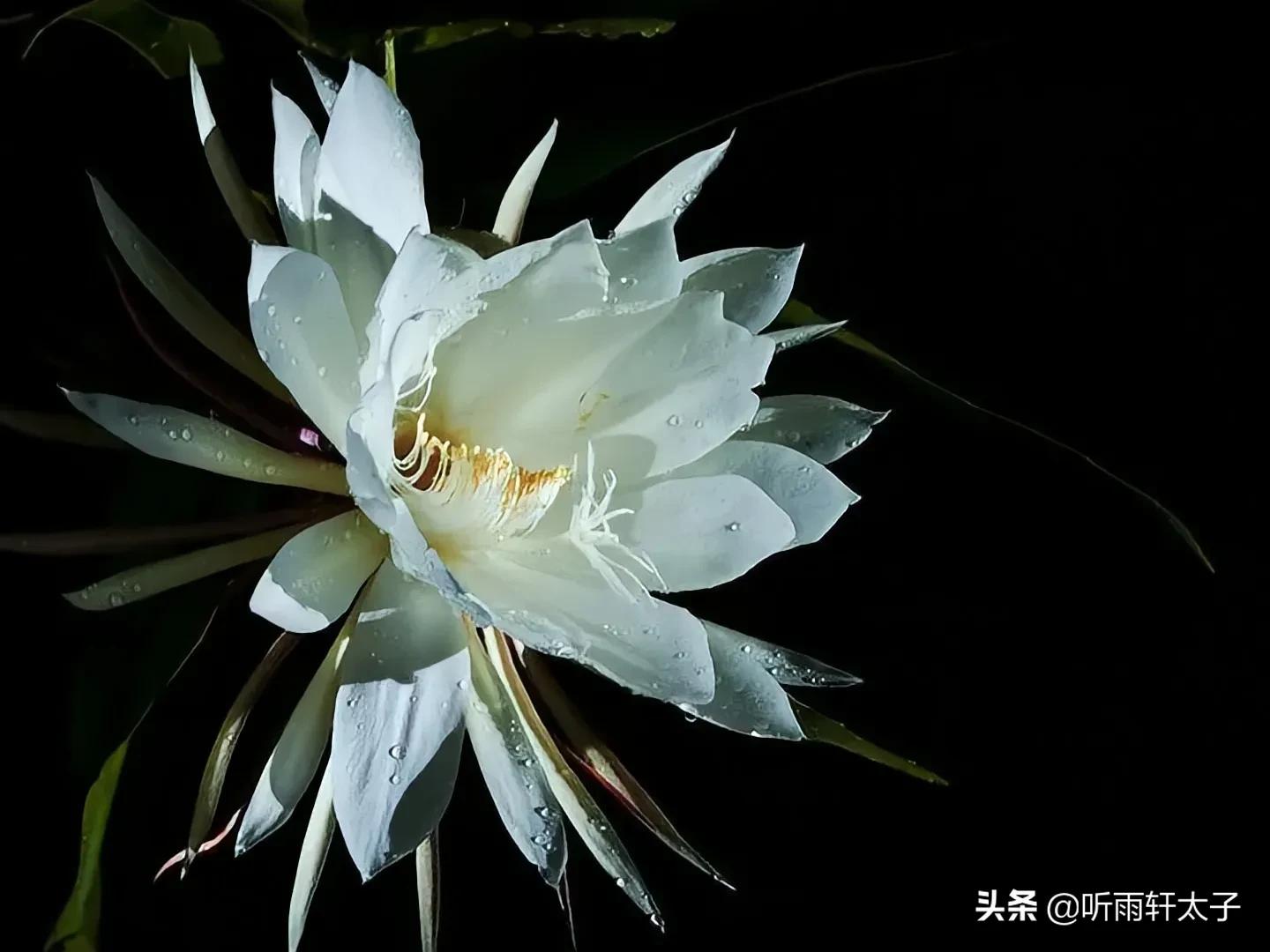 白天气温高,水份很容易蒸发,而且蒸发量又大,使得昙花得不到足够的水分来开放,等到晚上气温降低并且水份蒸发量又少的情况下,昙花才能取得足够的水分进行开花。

* * *

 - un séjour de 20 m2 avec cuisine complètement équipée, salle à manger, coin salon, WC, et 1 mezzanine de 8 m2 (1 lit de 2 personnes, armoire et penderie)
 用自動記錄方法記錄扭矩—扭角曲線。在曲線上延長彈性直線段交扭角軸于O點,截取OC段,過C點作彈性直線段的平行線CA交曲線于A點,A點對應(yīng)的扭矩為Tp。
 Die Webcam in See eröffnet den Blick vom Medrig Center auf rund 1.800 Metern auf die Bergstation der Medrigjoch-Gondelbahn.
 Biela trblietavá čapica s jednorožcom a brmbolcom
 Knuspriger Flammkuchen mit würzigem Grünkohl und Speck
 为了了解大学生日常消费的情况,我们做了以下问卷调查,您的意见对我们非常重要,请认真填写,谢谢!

Try it =
With the line holding "Die Webcam in" as the first and the line holding "为了了解大学生日常消费的情况" as the last, please transcribe exactly the lines of the material above in that range and nothing else.

Solution to the problem =
 Die Webcam in See eröffnet den Blick vom Medrig Center auf rund 1.800 Metern auf die Bergstation der Medrigjoch-Gondelbahn.
 Biela trblietavá čapica s jednorožcom a brmbolcom
 Knuspriger Flammkuchen mit würzigem Grünkohl und Speck
 为了了解大学生日常消费的情况,我们做了以下问卷调查,您的意见对我们非常重要,请认真填写,谢谢!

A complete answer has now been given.